The longer the night went on, the better her mood became; it was beginning to seem like the plan was going to work. They were not passing hundreds of prostrate people^although the word from the cars was that a fair number of the young natives appeared to have blown it and gone out too fast, and were now requiring assistance. Everyone had gone from 500 millibars to 340, which was the equivalent of going from 4,000 meters altitude on Earth to 6,500 meters, not an inconsiderable jump even with the higher percentage of oxygen in the Martian air to mitigate the effects; thus people were coming down with altitude sickness. Altitude sickness tended to strike the young a bit more than the old anyway, and many of the natives had taken off very enthusiastically. So some were paying for it now, with headaches and nausea felling quite a few. But the cars reported success so far taking in the ones on the edge of vomiting, and escorting the rest. And the rear of the column was keeping a steady pace.

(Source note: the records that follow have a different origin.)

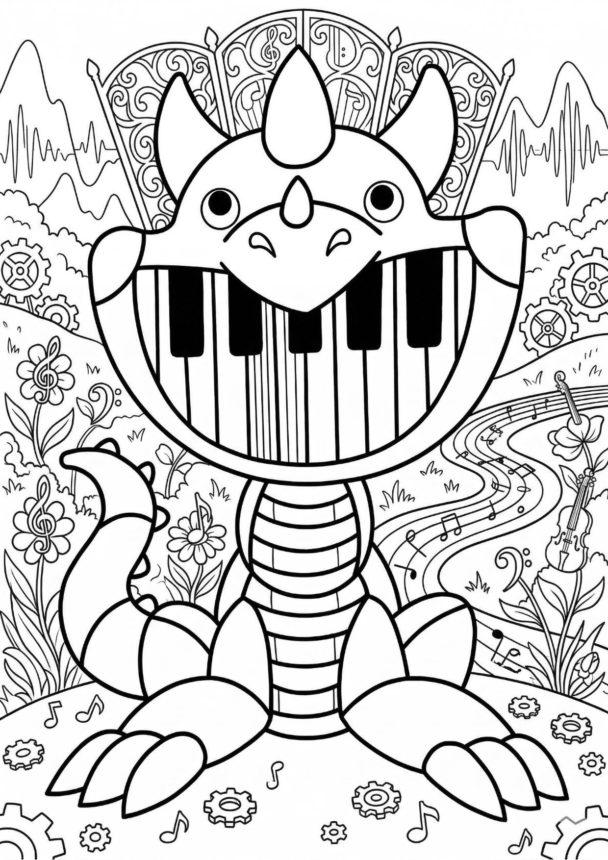 Pianosaurus Kolorowanka Poppy Playtime zaprasza do kolorowania! Poznaj uśmiechniętego stworka z pianinem i nutkami. Idealna kolorowanka dla małych muzyków!
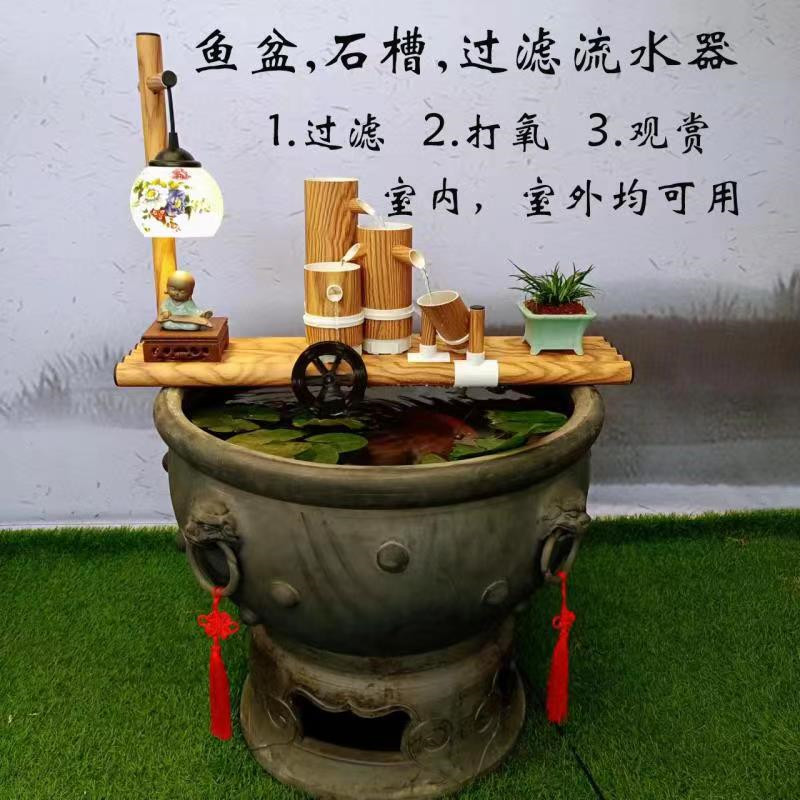 包邮陶瓷鱼缸流水摆件石槽小型鱼盆桌面流水摆件带陶瓷灯
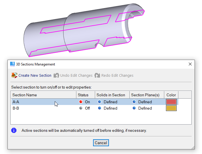 Esta função liga ou desliga as secções selecionadas. Permite também a definição de uma nova secção, definir os sólidos seccionados, planos de corte ou cancelar a definição da secção 3D.
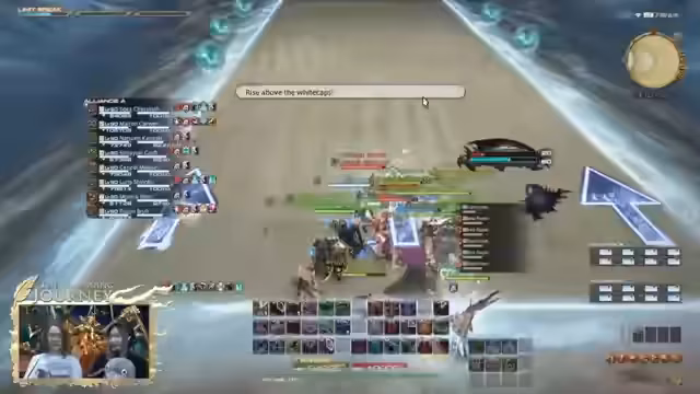 01:40:20Der Streamer wechselt zum Gilded Araya, wo er eine Party über den Party Finder gründet. Es werden Strategien und Erinnerungen an den Bosskampf geteilt, einschließlich einer Technik, die von Yulia erlernt wurde. Der Kampf selbst wird gespielt, mit Fokus auf Mechaniken wie der Sixblade-Tree-Attacke. Nach dem Kampf werden Gruppenfotos gemacht und die Emotes der Spieler bewundert, einschließlich der Carbuncles und anderer Darstellungen.
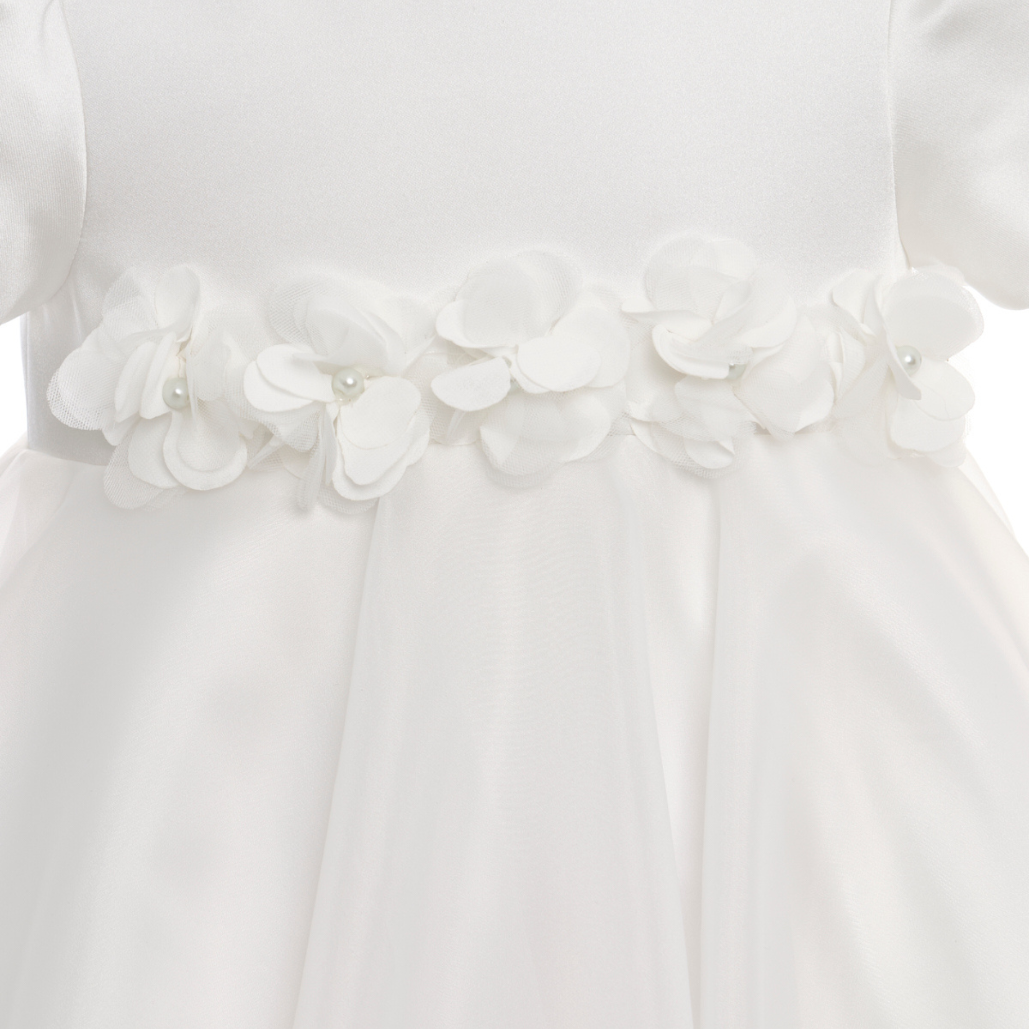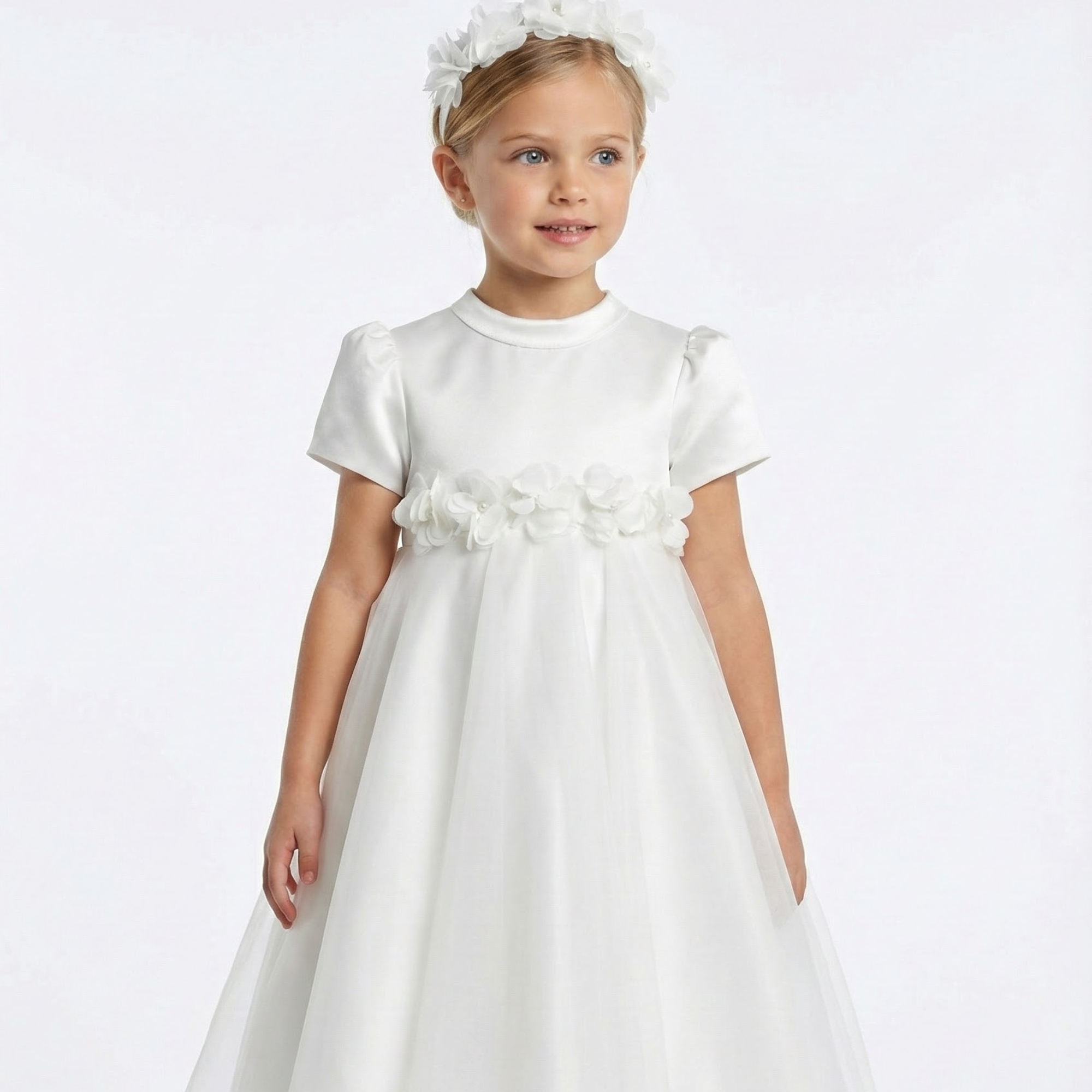 Soft, radiant, and beautifully refined, the Arc of Light Girls Dress is designed to capture a pure and timeless elegance. Crafted in an elegant off-white tone, this dress features delicate floral appliqué details along the waistline, creating a gentle and graceful silhouette. The airy tulle skirt adds volume and movement, giving the dress a light, ethereal feel.
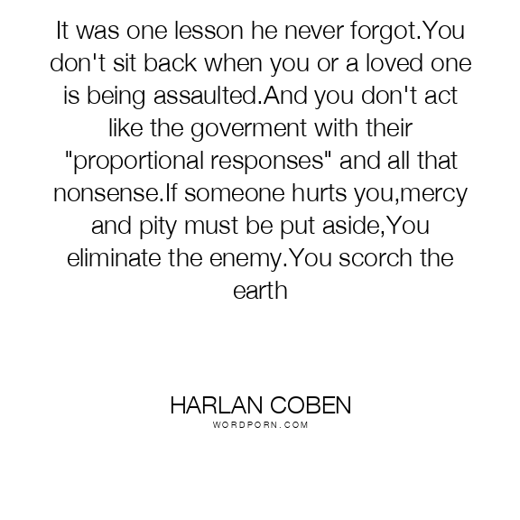 It was one lesson he never forgot.You don't sit back when you or a loved one is being assaulted.And you don't act like the goverment with their "proportional responses" and all that nonsense.If someone hurts you,mercy and pity must be put aside,You eliminate the enemy.You scorch the earth

So Nadia trudged on, sometimes hand in hand with Maya or Art, sometimes in her own world, her mind wandering in the biting cold, remembering odd shards of the past. She remembered some of the other dangerous cold walks she had taken over the surface of this world of hers: out in the great storm with John at Rabe Crater … searching for the transponder with Arkady … following Frank down into Noctis Labyrinthus, on the night they escaped from the assault on Cairo… On that night too she had fallen into an odd bleak cheerfulness — response to a freeing from responsibility, perhaps, to becoming no more than a foot soldier, following someone else’s lead. Sixty-one had been such a disaster. This revolution too could devolve into chaos — indeed it had. No one in control. But there were still voices coming in over her wrist, from everywhere. And no one was going to strafe them from space. The most intransigent elements of the Transitional Authority had probably been killed outright, in Kasei Vallis — an aspect of Art’s “integrated pest management” that was no joke. And the rest of UNTA was being overwhelmed by sheer numbers. They were incapable, as anyone would be, of controlling a whole planet of dissidents. Or too intimidated to try.

So they had managed to do it differently this time. Or else conditions on Earth had simply changed, and all the various phenomena of Martian history were only distorted reflections of those changes. Quite possible. A troubling thought, when considering the future. But that was for later. They would face all that when they came to it. Now they only had to worry about getting to Libya Station. The sheer physicality of the problem, and of the solution to the problem, pleased her immensely. Finally something she could get her hands on. Walk. Breathe the frigid air. Try’ to warm her lungs from the rest of her, from the heart — something like Nirgal’s uncanny heat redistribution, if only she could!